Liddy was arranging her bits of paper with the skill of long practice
and paid no attention.
"Did it ever occur to you," I went on, putting my hand over the scraps,
"that when people tear up their correspondence, it is for the express
purpose of keeping it from being read?"
"If they wasn't ashamed of it they wouldn't take so much trouble, Miss
Rachel," Liddy said oracularly. "More than that, with things happening
every day, I consider it my duty. If you don't read and act on this, I
shall give it to that Jamieson, and I'll venture he'll not go back to
the city to-day."
That decided me. If the scraps had anything to do with the mystery
ordinary conventions had no value. So Liddy arranged the scraps, like
working out one of the puzzle-pictures children play with, and she did
it with much the same eagerness. When it was finished she stepped
aside while I read it.
"Wednesday night, nine o'clock. Bridge," I real aloud. Then, aware of
Alex's stare, I turned on Liddy.
"Some one is to play bridge to-night at nine o'clock," I said. "Is that
your business, or mine?"
Liddy was aggrieved. She was about to reply when I scooped up the
pieces and left the conservatory.
"Now then," I said, when we got outside, "will you tell me why you
choose to take Alex into your confidence? He's no fool. Do you
suppose he thinks any one in this house is going to play bridge
to-night at nine o'clock, by appointment!
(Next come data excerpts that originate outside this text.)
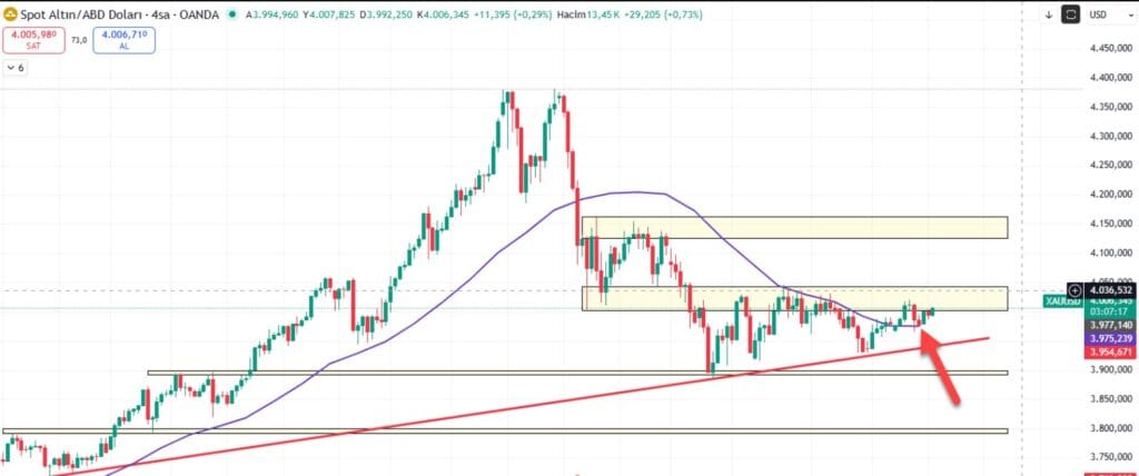 • Direnç bandı 4.100–4.200 dolar aralığında; bu seviyenin aşılması trendin yönünü belirleyecek.
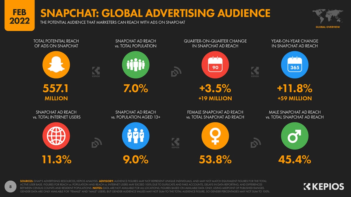 Se você não tem entre 13-24 anos e nem mora nos EUA ou no Reino Unido, chances são de que você passa mais tempo no Insta e TikTok. Por outro lado, entre os jovens americanos e britânicos, o fantasminha amarelo tem 90% de market share!
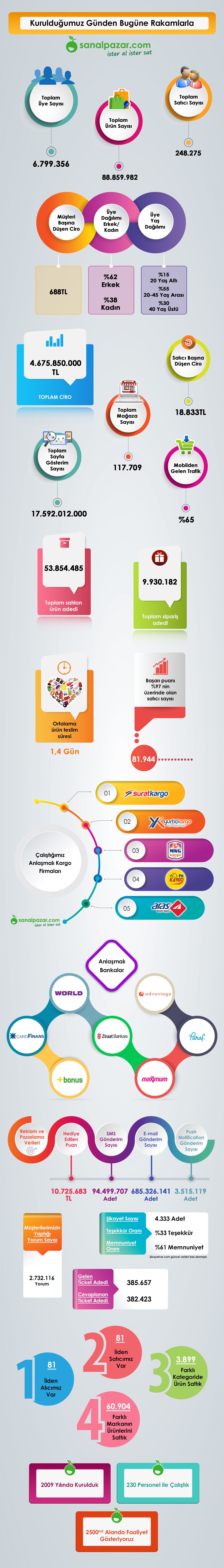 2009 yılında kurulan ve 2 bin 500 metrekarelik alanda, 230 kişilik ekibiyle faaliyet gösteren Sanalpazar.com, toplam üye sayısı 6 milyon 799 bin 356, toplam 248 bin 275 satıcı ve 88 milyon 859 bin 982 ürün bulunuyor. Toplam cironun 4 milyar 675 milyon 850 bin olduğu platformda, müşteri başına düşen ciro sayısının 688 TL iken, satıcı başına düşen ciro sayısı ise 18 bin 833 TL olarak açıklanıyor.

I suppose you have shown it
in the kitchen, and instead of my being able to slip down to the bridge
to-night quietly, and see who is there, the whole household will be
going in a procession."
"Nobody knows it," Liddy said humbly. "I found it in the basket in
Miss Gertrude's dressing-room. Look at the back of the sheet." I
turned over some of the scraps, and, sure enough, it was a blank
deposit slip from the Traders' Bank. So Gertrude was going to meet
Jack Bailey that night by the bridge! And I had thought he was ill!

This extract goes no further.